Publikation

Phase Ib study evaluating a self-adjuvanted mRNA cancer vaccine (RNActive®) combined with local radiation as consolidation and maintenance treatment for patients with stage IV non-small cell lung cancer

Wissenschaftlicher Artikel/Review - 06.10.2014

Bereiche
PubMed
DOI

Zitation
Sebastian M, Gnad-Vogt U, Kallen K, Heidenreich R, Fotin-Mleczek M, Scheel B, Koch S, Rippin G, Wehler T, Hilbe W, Cathomas R, Früh M, Weiss C, Papachristofilou A, Zippelius A. Phase Ib study evaluating a self-adjuvanted mRNA cancer vaccine (RNActive®) combined with local radiation as consolidation and maintenance treatment for patients with stage IV non-small cell lung cancer.

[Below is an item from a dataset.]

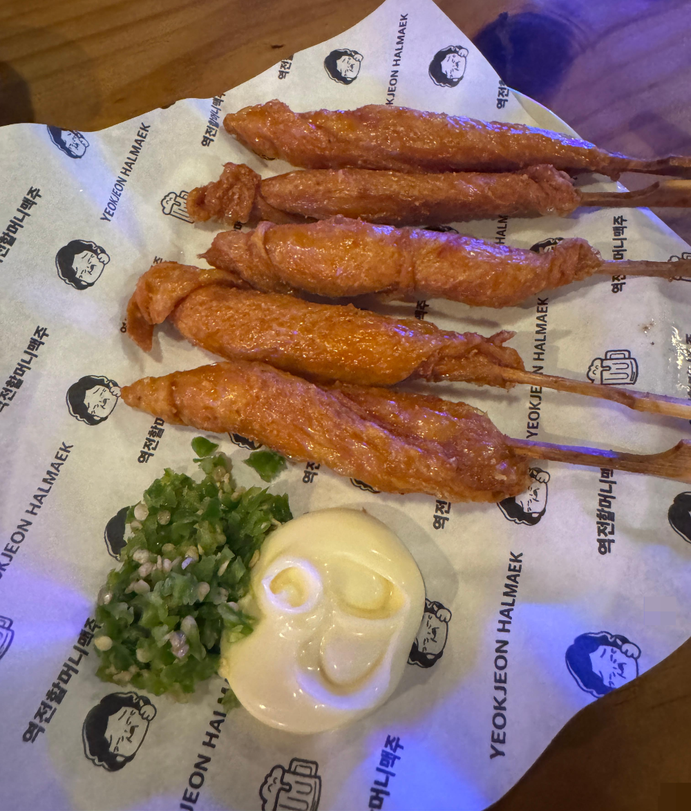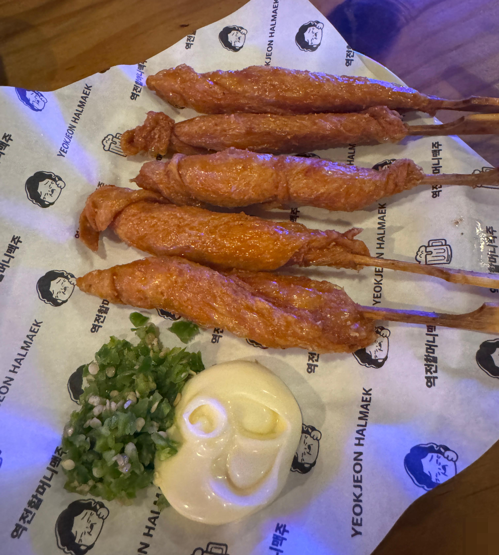 낙성대역 맥주집 낙성대 술집 낙성대 맥주 맛집 역전할머니맥주 서울낙성대역점의 닭껍질 교자 꼬치가 나왔는데요
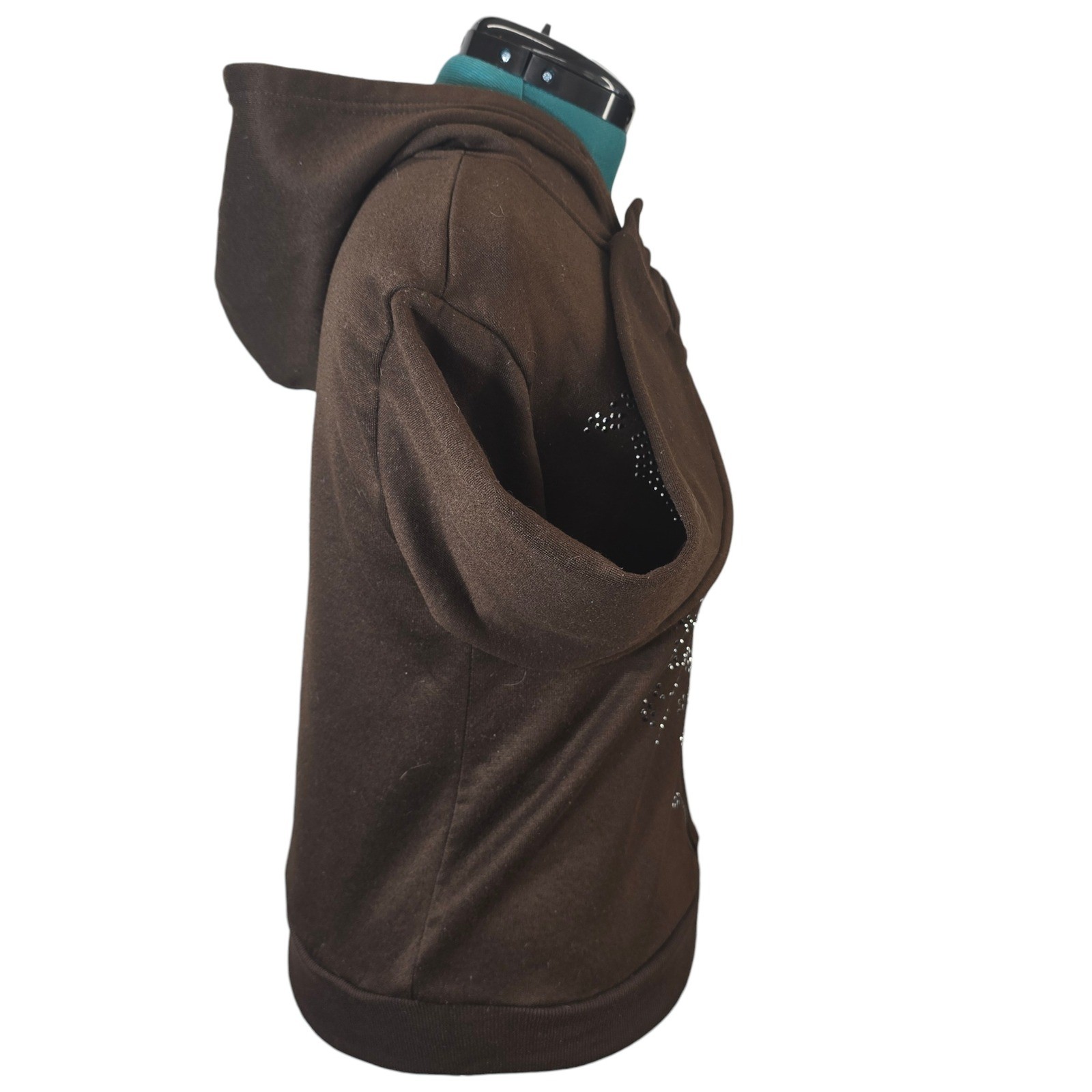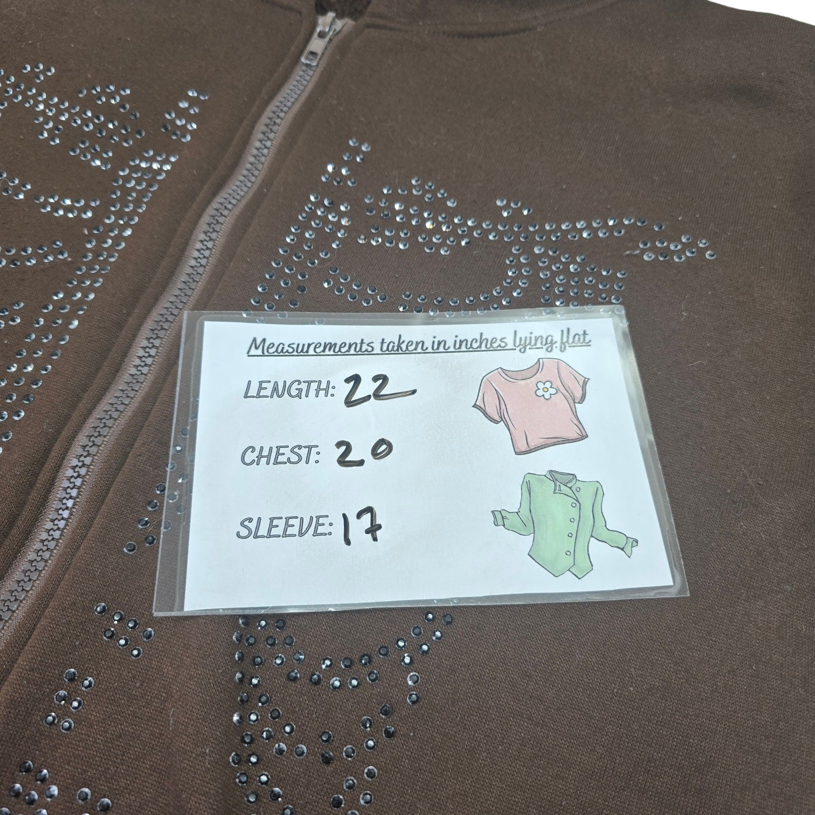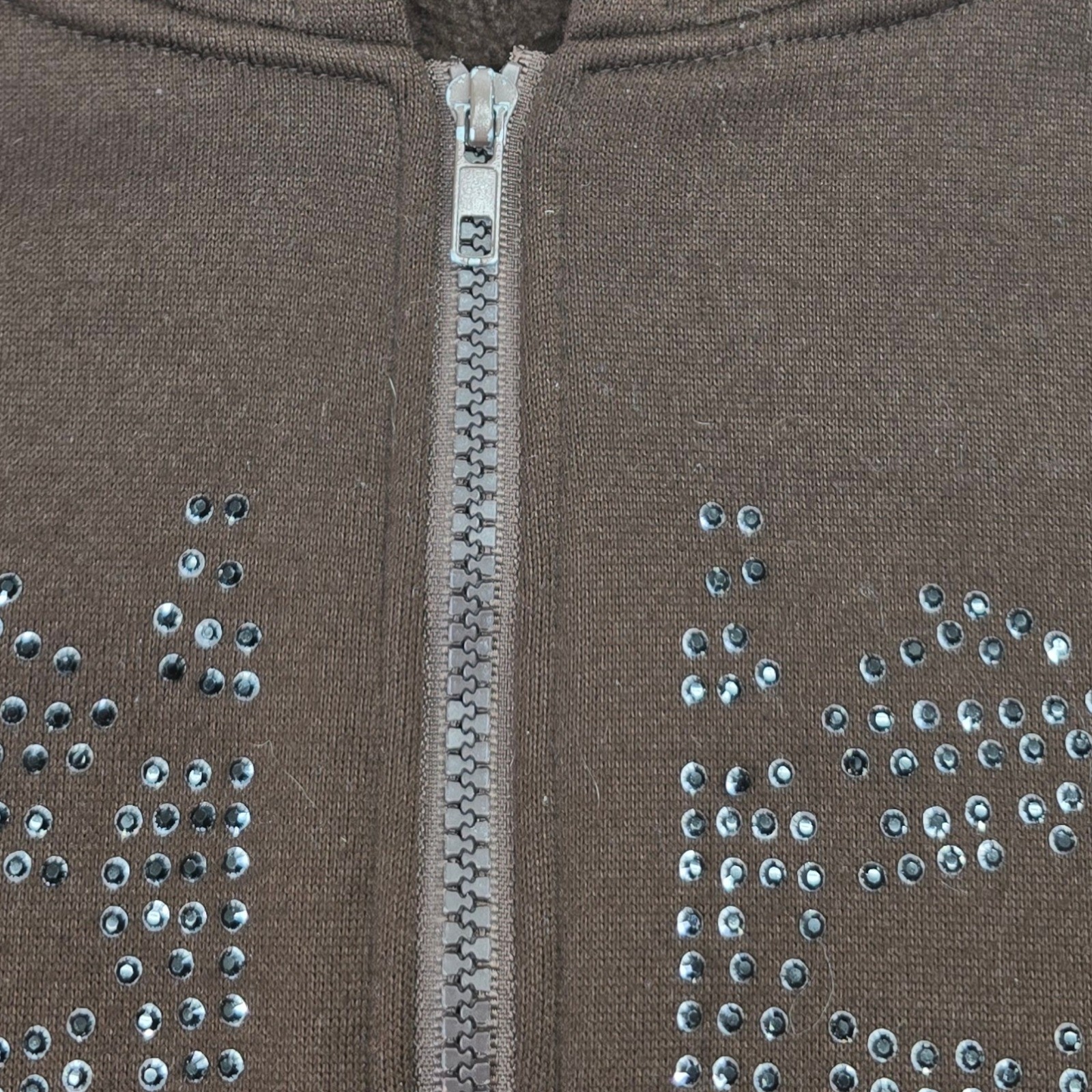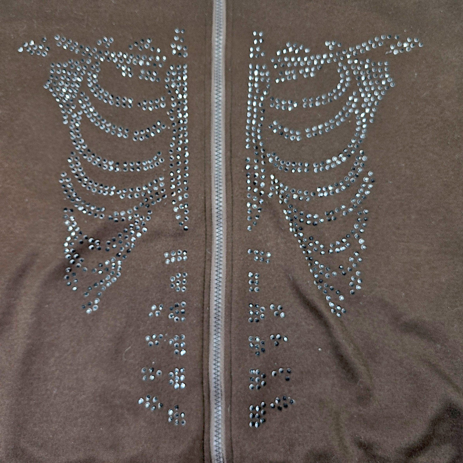 Brown Rhinestone Skeleton Zip Up Hoodie Gothic Streetwear Fleece Sweatshirt 38

BMC cancer 2014; 14:748.
Art
Wissenschaftlicher Artikel/Review (Englisch)
Zeitschrift
BMC cancer 2014; 14
Veröffentlichungsdatum
06.10.2014
eISSN (Online)
1471-2407
Seiten
748
Kurzbeschreibung/Zielsetzung

BACKGROUND
Advanced non-small cell lung cancer (NSCLC) represents a significant unmet medical need. Despite advances with targeted therapies in a small subset of patients, fewer than 20% of patients survive for more than two years after diagnosis. Cancer vaccines are a promising therapeutic approach that offers the potential for durable responses through the engagement of the patient's own immune system. CV9202 is a self-adjuvanting mRNA vaccine that targets six antigens commonly expressed in NSCLC (NY-ESO-1, MAGEC1, MAGEC2, 5 T4, survivin, and MUC1).

METHODS/DESIGN
The trial will assess the safety and tolerability of CV9202 vaccination combined with local radiation designed to enhance immune responses and will include patients with stage IV NSCLC and a response or stable disease after first-line chemotherapy or therapy with an EGFR tyrosine kinase inhibitor. Three histological and molecular subtypes of NSCLC will be investigated (squamous and non-squamous cell with/without EGFR mutations). All patients will receive two initial vaccinations with CV9202 prior to local radiotherapy (5 GY per day for four successive days) followed by further vaccinations until disease progression. The primary endpoint of the study is the number of patients experiencing Grade >3 treatment-related adverse events. Pharmacodynamic analyses include the assessment of immune responses to the antigens encoded by CV9202 and others not included in the panel (antigen spreading) and standard efficacy assessments.

DISCUSSION
RNActive self-adjuvanted mRNA vaccines offer the potential for simultaneously inducing immune responses to a wide panel of antigens commonly expressed in tumors. This trial will assess the feasibility of this approach in combination with local radiotherapy in NSCLC patients.

TRIAL REGISTRATION
Clinicaltrials.gov: NCT01915524/EudraCT No.: 2012-004230-41.